An island in this sea of absurdity is Bear Basin Ranch, a 5,000-acre land conservancy and the base for a booming adventure-travel business run by Gary Ziegler and Amy Finger. Bear Basin differs from most local ranches in that it is actually growing in size, rather than shrinking through subdivision.
The 52-year-old Ziegler is an interesting character. To draw you a picture: He’s the only person who has taught rock climbing in the Peace Corps and has served with the Special Forces in Vietnam.
In 1970, Ziegler enlisted in another war, though he didn’t know it at the time. He bought Bear Basin Ranch. “At that point, I wanted to simplify my life, get away from the violence and get back to earth. I bought Bear Basin Ranch while working for Outward Bound with the idea of using it as a base camp for climbing trips into the Sangres.”
The big real-estate hustle near Bear Basin in those days was five-acre lots, with no amenities, in the middle of nowhere. A trailer near the highway served as a sales office. Today that same trailer sits cock-eyed, its doors and windows broken out, in a gully to the north of the ranch, a ghostly reminder that what goes around comes around again. And again. And again.
During the late ’70s, Finger, now 32, began riding horses at Bear Basin while visiting her parents’ nearby summer home. A few years later, Ziegler hired Finger to help him manage the adventure-travel business, which offers pack trips in Mexico and Peru as well as our Sangre de Cristo range.
Now the pair’s expanding ecological frontier seems bounded by furious development. Over the years, they’ve pumped profits from their adventure-travel business back into real estate to protect the lands around the ranch. “Every penny we make off the business goes back into the ranch,” says Ziegler. “I guess that’s a form of eco-tourism.”
But it’s not enough. To add even more land to the trust, they have had to become developers — of a sort — themselves.
Here’s how their land scam works — and it’s a hell of a lot better deal than some others I’ve seen around here. They bring partners into the ranch for the price of purchasing adjoining property. They’ve brought other small ranches, mining claims, even 35-acre ranchettes. If it touches current Bear Basin holdings, it’s fair game.
The investors have full use of the entire ranch. They can board horses, go on pack trips at reduced rates, hunt, hike, whatever blows up their chaps. They may build a home on an established site, but the limit is one home to every 200 acres.
“This is going to be the last intact working ranch in Custer County,” Ziegler prophesies.
Look! There! On the horizon. It’s the Lone Eagles. They’re coming. I heard it on National Public Radio. They have the cash from selling their high-dollar homes in California and now they’re bringing their own jobs and multimillion-dollar contracts. They’re disease-free. They’ll lessen our tax burden. They’ll raise the average IQ and purify the gene pool. They’re fleeing the city, the gangs, the rat race. They’ll only spend money here. Modern-day Robin Hoods, they are.
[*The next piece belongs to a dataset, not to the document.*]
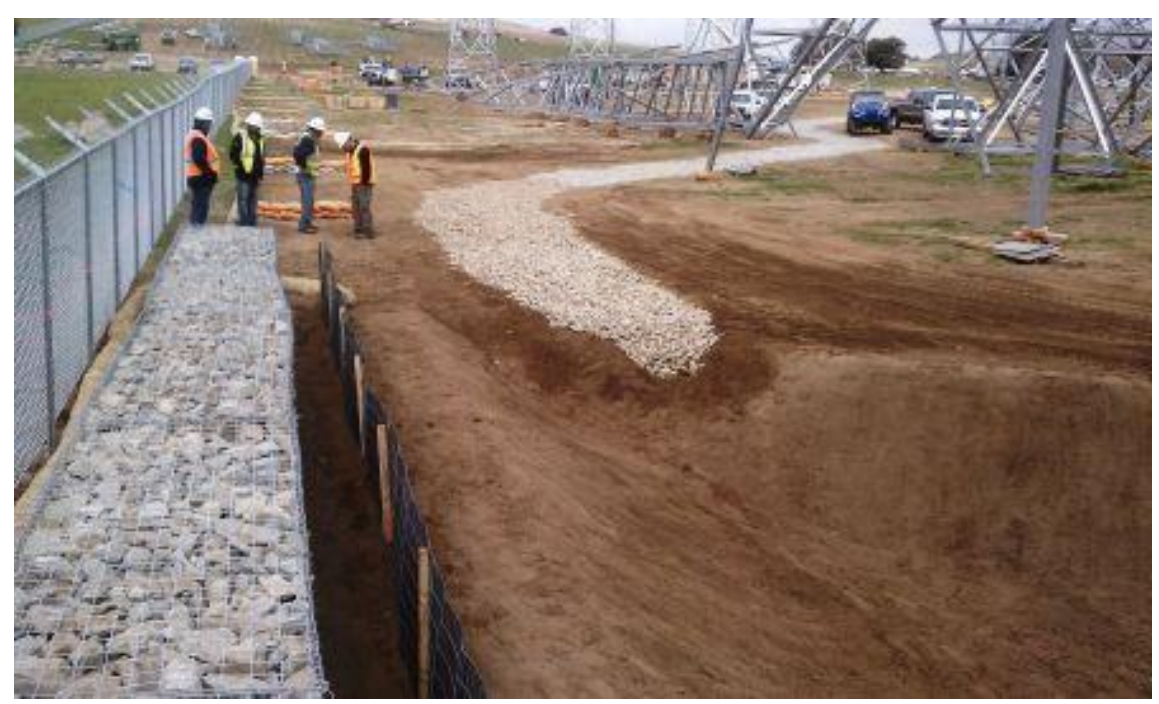
Stormwater BMPs improved at the Bartlett-Hauser Yard, Link 2.

And inside of two years, when they’ve gone stark raving cabin crazy from the wind, snow, and mud — after the coyotes have eaten their poodles and giant timber rattlers have carried off their first-born — some enterprising land monger with a new scam will help them sell their mountain estates to yet another wave of wannabe pioneers.
Bet you a mocha latte.
Free-lance writer and avowed hypocrite Hal Walter is a former editor of the Leadville Herald-Democrat and has resided in central Colorado for a decade. He and his wife, Mary, live on a 35-acre ranchette near Westcliffe, and he sends us his work via modem, just like a Lone Eagle.